This Notice applies to you, whether you are a current (or former) employee, intern, agency worker, consultant, individual contractor or director of the Company. It also applies to third parties whose information you provide to us e.g. emergency contacts, beneficiaries of pension etc. Please ensure that you provide a copy of this Notice to any third parties whose personal data you provide to us. 

Where we refer to 'employee personal data' or 'employment' in this Notice we do so for convenience only and this should in no way be interpreted as purporting to confer employment status on non-employees to whom this Notice also applies. This Notice does not form part of any contract of employment and does not confer any contractual rights on you or place any contractual obligation on us.   

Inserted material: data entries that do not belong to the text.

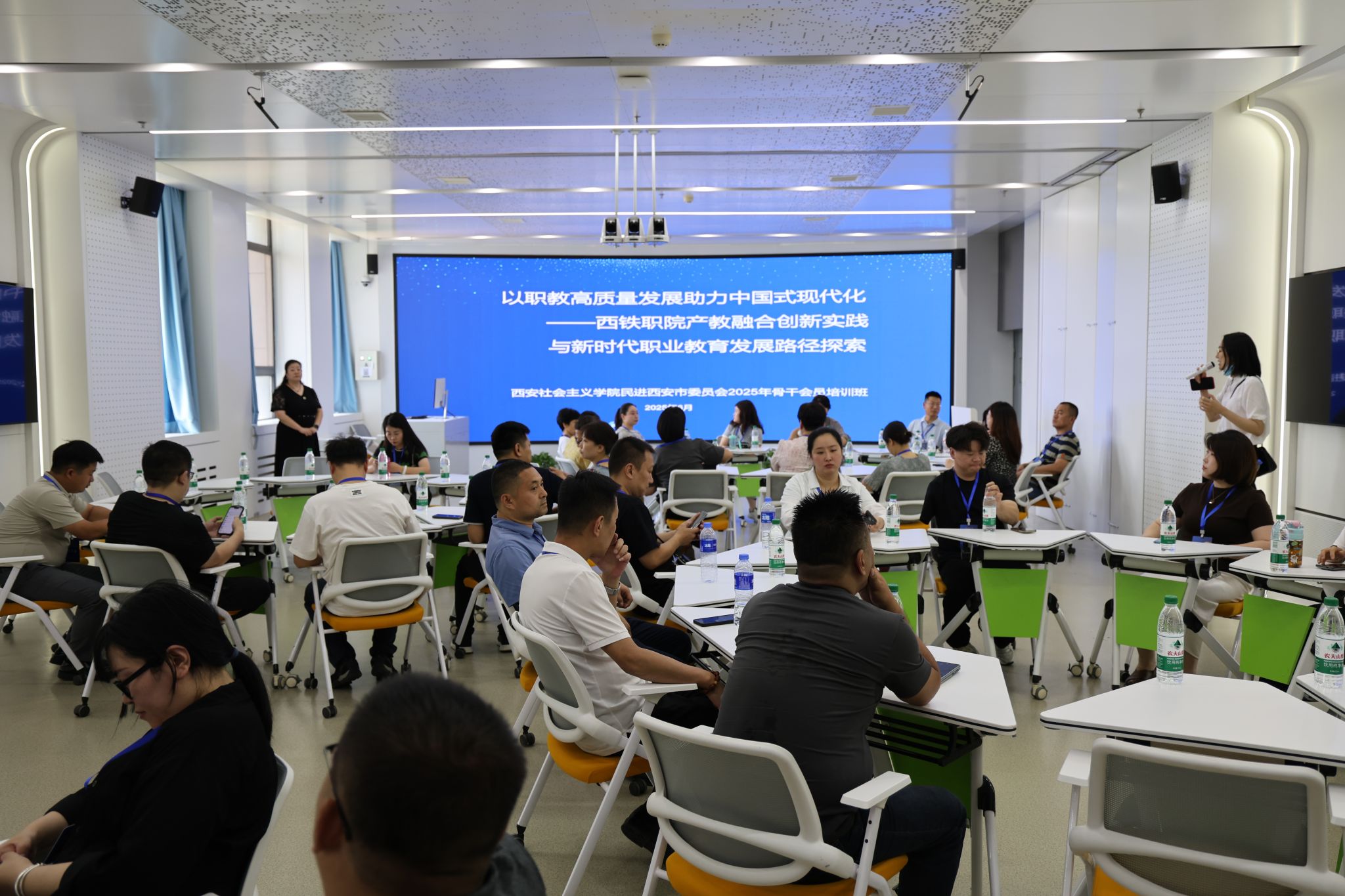 6月12日上午,西安社会主义学院民进西安市委员会2025年骨干会员培训班50名学员来鸭脖开展现场教学活动。学院党委副书记任治军,党政办公室、党委宣传部、发展规划处、学生工作部、牵引动力学院、马克思主义学院等部门负责人参加了现场教学活动。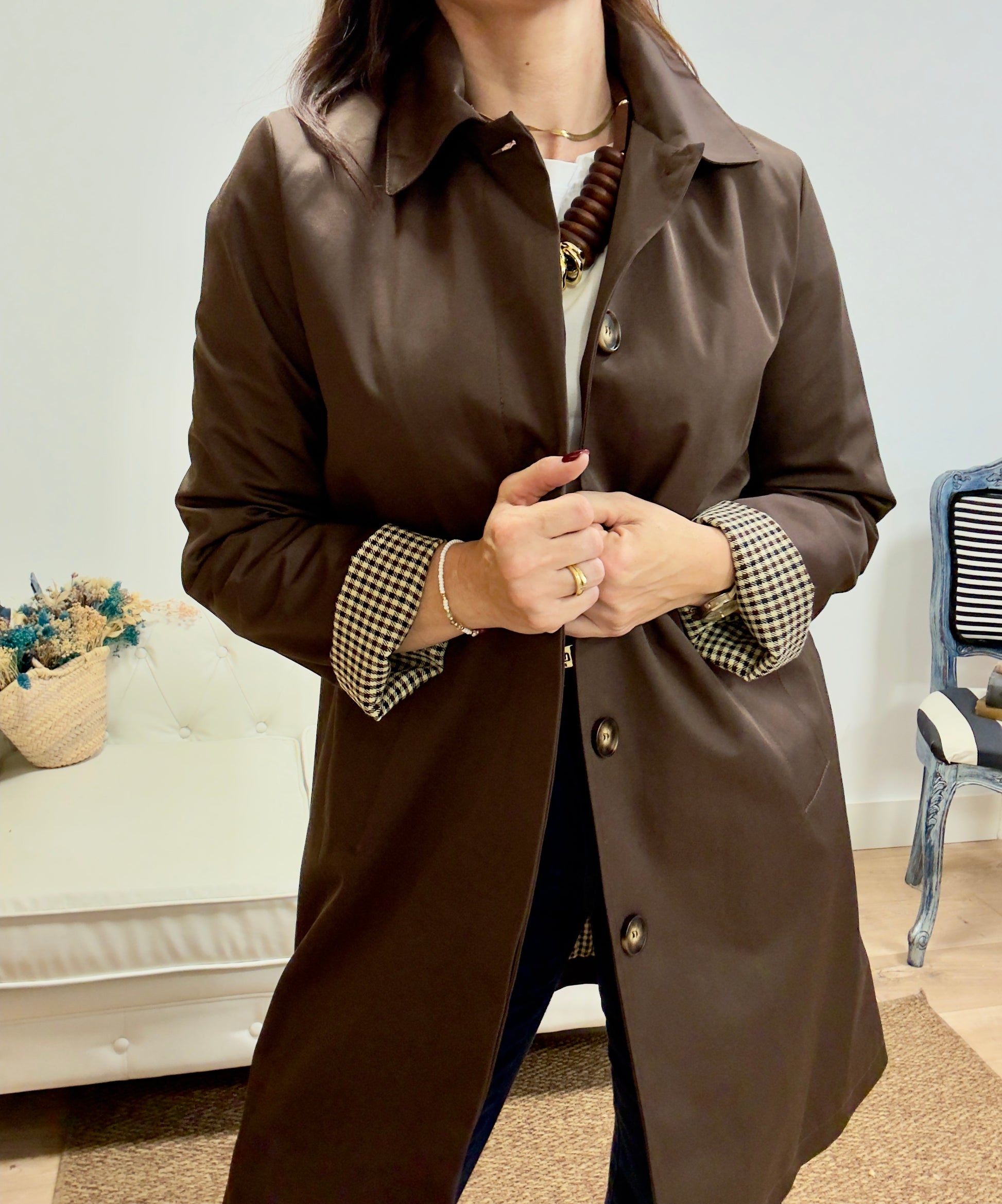 Gabardina marrón chocolate tipo oversize. Forró en cuadrito vichy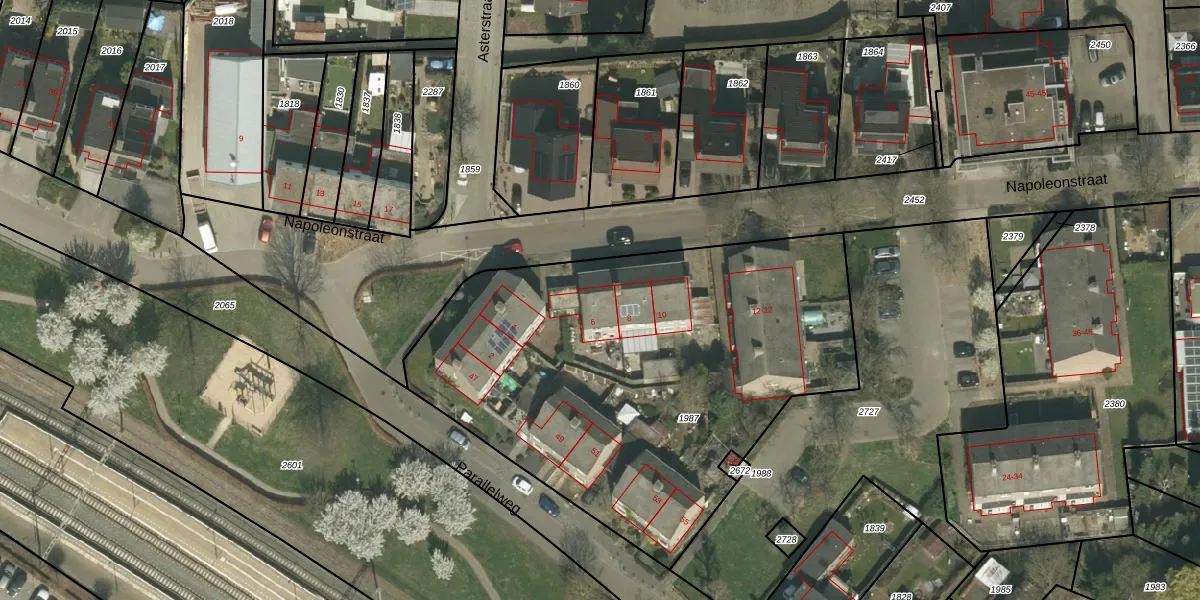 Het perceel waarop Napoleonstraat 6 staat heeft een oppervlakte van 2550 m². Dit is een zeer groot perceel. De perceeloppervlakte wordt geregistreerd door het Kadaster. Gedetailleerde informatie over de maten van dit perceel kunt u vinden in het rapport Kadastrale kaart met maatvoering van Napoleonstraat 6.
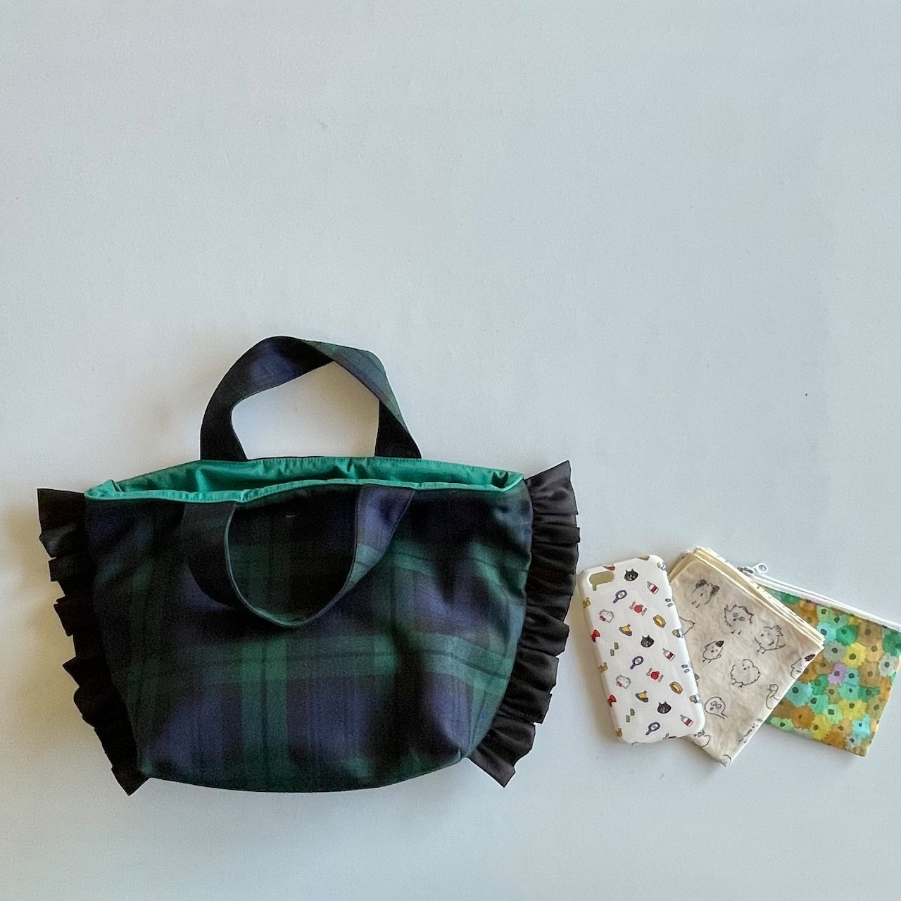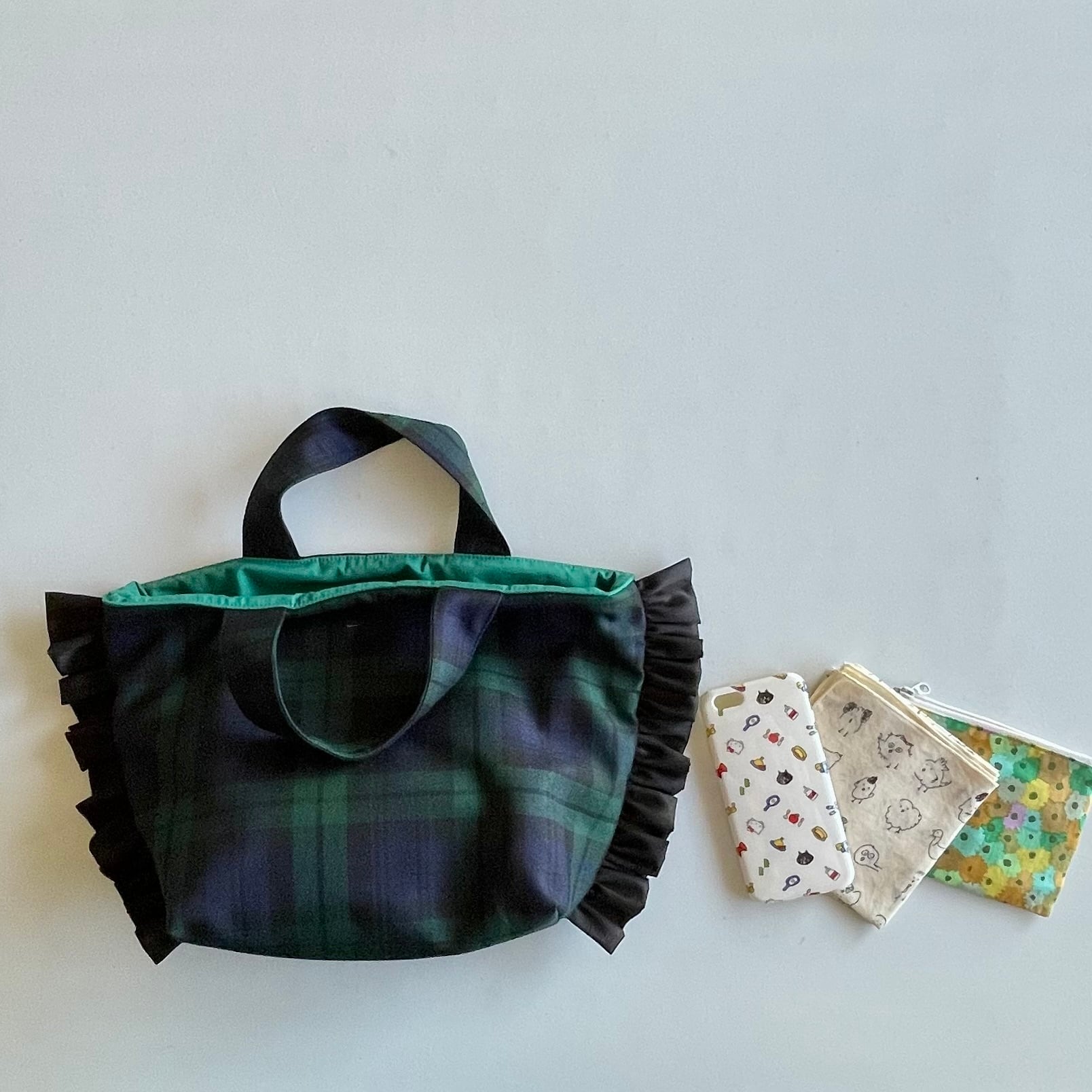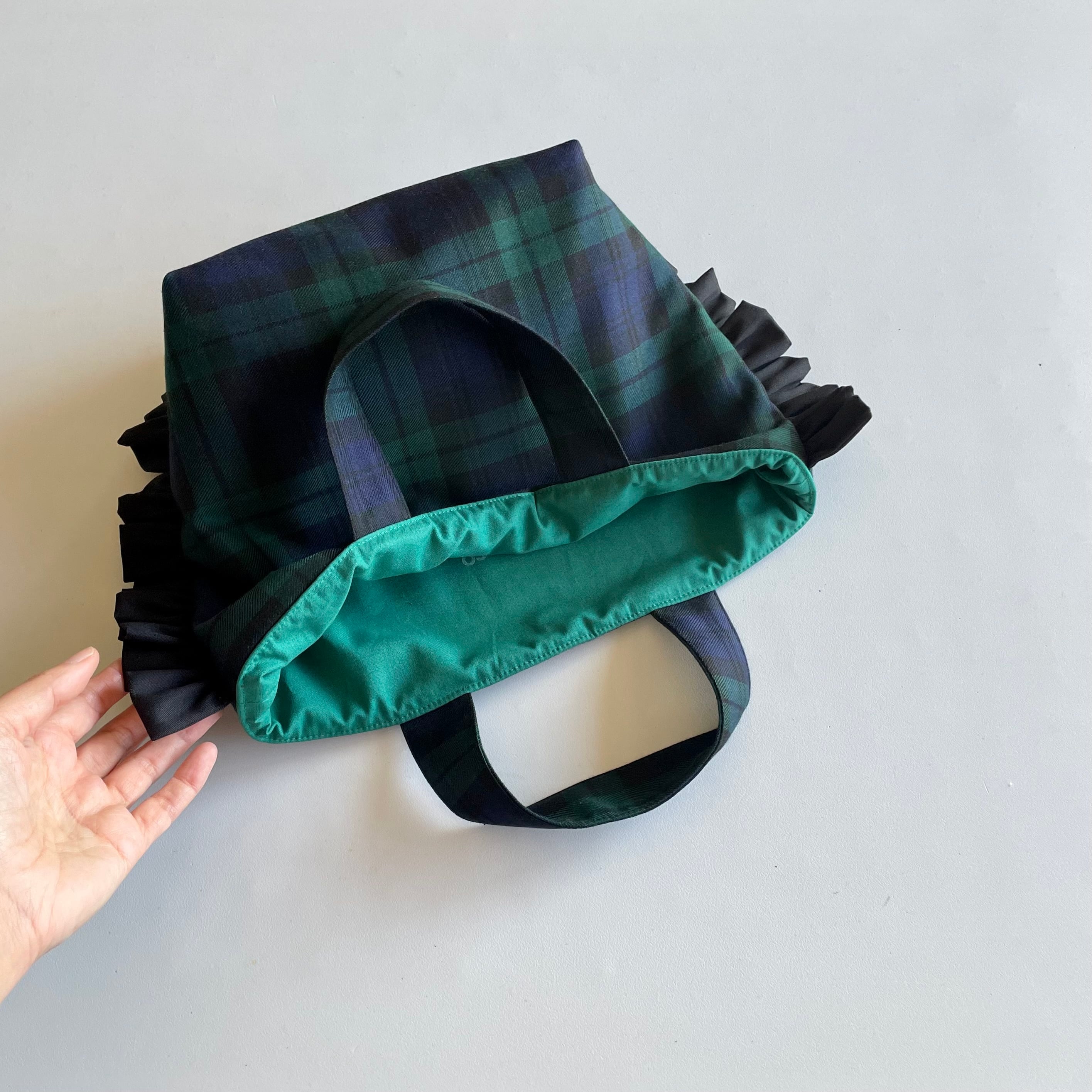 【モコ市販売】四角い マチ つき フリルトートバッグ Sサイズ やわらかタータンチェック
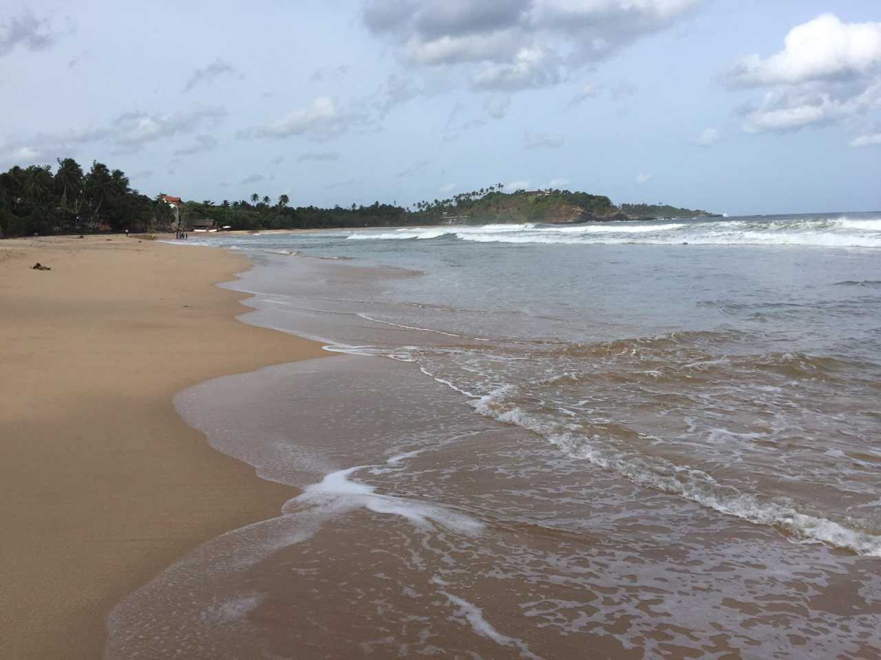 Talalla is great: long beaches, fine sand, few people, with two lifeguard teams patrolling. The Indian Ocean waves are fierce—I was knocked over by a wave just inches high. Be careful swimming; watch for rip currents. South‑coast weather in August is truly poor, and without new buddies to swim with, I left after one night.

This Notice applies to all personal data collected, maintained, transmitted, stored, retained, or otherwise used (i.e. processed) by us regardless of the media on which that personal data is stored. We may update this Notice at any time and will notify you in writing of any changes as soon as reasonably practical. 

Data Protection Principles 

The Company is committed to complying with the GDPR. Any personal information that we hold about you must be: 

  1. Used lawfully, fairly and in a transparent way; 
  2. Collected only for valid purposes that we have clearly explained to you and not used in any way that is incompatible with those purposes; 
  3. Relevant to the purposes that we have told you about and limited only to those purposes; 
  4. Accurate and kept up to date; 
  5. Kept only as long as necessary for the purposes we have told you about; and 
  6. Kept securely. 
     

What is Personal Data? 

'Personal Data' is defined as any information relating to a living individual from whom that individual can be identified directly from that data or indirectly in conjunction with other information. It does not include data where the identity has been removed (anonymous data). We will collect, hold and use the following categories of Personal Data about you as set out in Appendix 1 of this Notice.  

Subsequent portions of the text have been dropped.